New spec uses asymmetric key pairs to change the way system keys are managed
The Public Key Open Credential (PKOC) Standard – developed by the Physical Security Interoperability Alliance (PSIA) – is considered by many to be the future of secure credentials.
CampusIDNews talked with ELATEC’s campus lead Rawldon Weekes about the specification and how it could be a game-changer for mobile credential rollouts.
Using public and private keys, it essentially eliminates the need to safeguard the dedicated system key(s) that make today’s card and mobile credential solutions possible.
At the most basic level, the user’s mobile phone creates a public and private key pair. The private key stays securely housed on the device. The public key is sent over the air to the physical access control and other systems, which in turn distributes it to the network of readers.
According to a PSIA presentation, “When the phone is presented to an access device it is authenticated at the device or at the access panel then the public key (acting as the Badge ID Number) is pushed to the PACS for access granted.”
“In many of the solutions today, for cards and mobile, you get tied into one credential or one solution provider and you get siloed,” says Weekes. “PKOC will provide the flexibility to not be tied in and siloed into one solution but rather have that flexibility to really control who you're working with in your end customer environment and ecosystem.”
TRANSCRIPT:
Hi, my name is Rawldon Weekes and I'm with Elatec.
PKOC stands for Public Key Open Credential.
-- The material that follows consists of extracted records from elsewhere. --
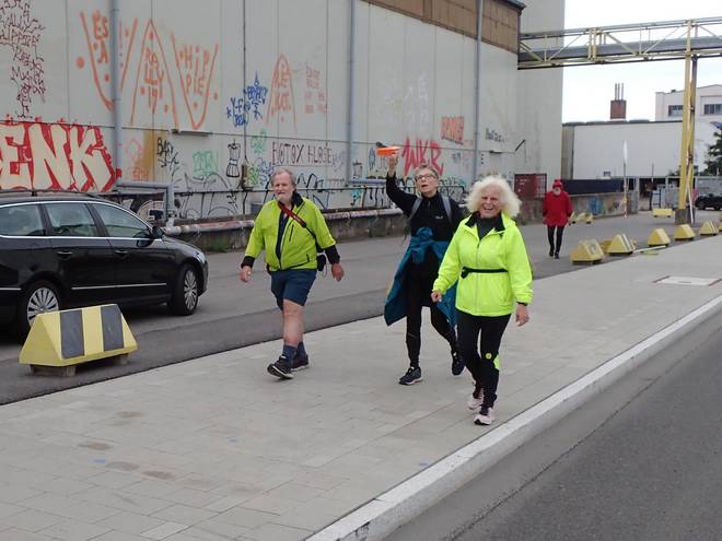 Reiherdamm Runde 12 6.56 Uhr / Km 33,8 So viele Teilnehmer auf einem Foto zu versammeln gelang mir nach dem Auftaktstück nur noch hier einmal. Wobei es nur drei "echte" Teilnehmer sind. Cornelia tauchte erst gegen 6.00 Uhr auf und wanderte außer Konkurrenz mit. Sie hatte daher die größten Energie-Reserven für ihre Rassel. |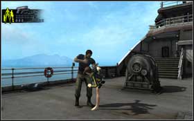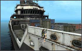 Use the containers to move yourself on the prow. After that jump on containers, which are located on the right side of the deck. Now go in the direction of the stern. Go to the end and jump on the deck. Kill one of the guards during your move.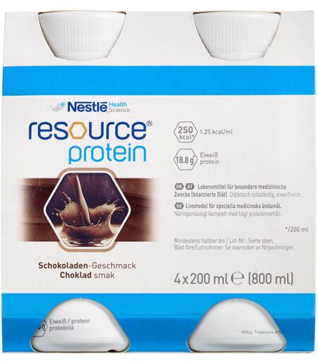 Resource Protein er en ernæringsdrik med ekstra energi og protein. Drikken fungerer godt som mellemmåltid for dem, som har et forhøjet energi- og proteinbehov som fx. ved sårheling, muskelopbygning eller som et tilskud til den øvrige kost. Desuden anbefales Resource Protein Ernæringsdrik til patienter uden appetit eller ved utilstrækkelig næringsindtag. Andre pakningsstørrelser Resource Protein findes i 6 forskellige smagsvarianter: abrikos, chokolade, jordbær, kaffe, skovbær og vanille samt en mix pakke. Dispenseringsform Ernæringsdrik Dosis og anvendelse Ifølge ordination eller 1-3 flasker pr. dag som supplement. Ikke egnet som eneste kilde til ernæring. Omrystes før brug, serveres kold. Smagsvarianter med chokolade og kaffe kan serveres let opvarmet. Ved opvarmning i mikrobølgeovn skal Resource Protein hældes over i en anden beholder. Drikken er velegnet til voksne og børn over 3 år og kan med forsigtighed anvendes til børn mellem 3-5 år. ...

It's a standard that has been introduced by a group of companies within the space who view the importance of interoperability for the end user.
When you come across different customers who are working with a solution, as it is today, it's very hard to move from one solution to the other.
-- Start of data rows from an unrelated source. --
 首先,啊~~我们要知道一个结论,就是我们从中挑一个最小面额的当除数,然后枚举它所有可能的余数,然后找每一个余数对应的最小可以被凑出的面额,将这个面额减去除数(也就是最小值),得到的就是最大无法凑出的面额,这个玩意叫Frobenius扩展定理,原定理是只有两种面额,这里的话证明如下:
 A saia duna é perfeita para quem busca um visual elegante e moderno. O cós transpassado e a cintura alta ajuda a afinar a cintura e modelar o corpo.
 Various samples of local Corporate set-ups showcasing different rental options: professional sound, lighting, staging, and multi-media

So a solution like PKOC, which allows you to easily be able to manage the keys because of the presence of asymmetric keys (public key and a private key) and being able to share that in between users and the solution.
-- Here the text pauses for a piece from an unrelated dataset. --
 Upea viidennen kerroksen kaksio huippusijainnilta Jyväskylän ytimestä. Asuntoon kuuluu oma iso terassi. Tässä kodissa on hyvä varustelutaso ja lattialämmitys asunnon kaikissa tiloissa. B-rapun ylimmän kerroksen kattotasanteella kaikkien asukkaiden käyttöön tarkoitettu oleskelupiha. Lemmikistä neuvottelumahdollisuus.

That makes it much more flexible in comparison to as things are today with symmetric keys, being able to have control over just one key and keeping it private as opposed to the flexibility between using two different keys.
How does it play into mobile credential space?
In many of the solutions today, for cards and mobile, you get tied into one credential or one solution provider and you get siloed.
As everyone's trying to move to mobile credentials, PKOC will provide the flexibility to not be tied in and siloed into one solution, but have that flexibility to really control who you're working with in your end customer environment and ecosystem.
And be able to plug and play essentially switching between one manufacturer to another making it easier for you to transition between solutions as needed.
So you as a user would have a lot more flexibility as opposed to being just tied into that one solution.
With mobile, also being able to easily support different credentials as they come to market, based on this standard, it just provides that added flexibility as well.
In terms of the standard and its availability, there are specs out there when you're available.
From the Elatec standpoint, we do support the spec on many of our readers and modules.
And the beauty of it also is not just tied to one modality, so it's not just NFC, but it could also be used on BLE, ultra-wideband down the line as well.
So it's all about future proofing and making it available for whatever you end up bringing to market. That's the beauty of the ecosystem and using a standard like this.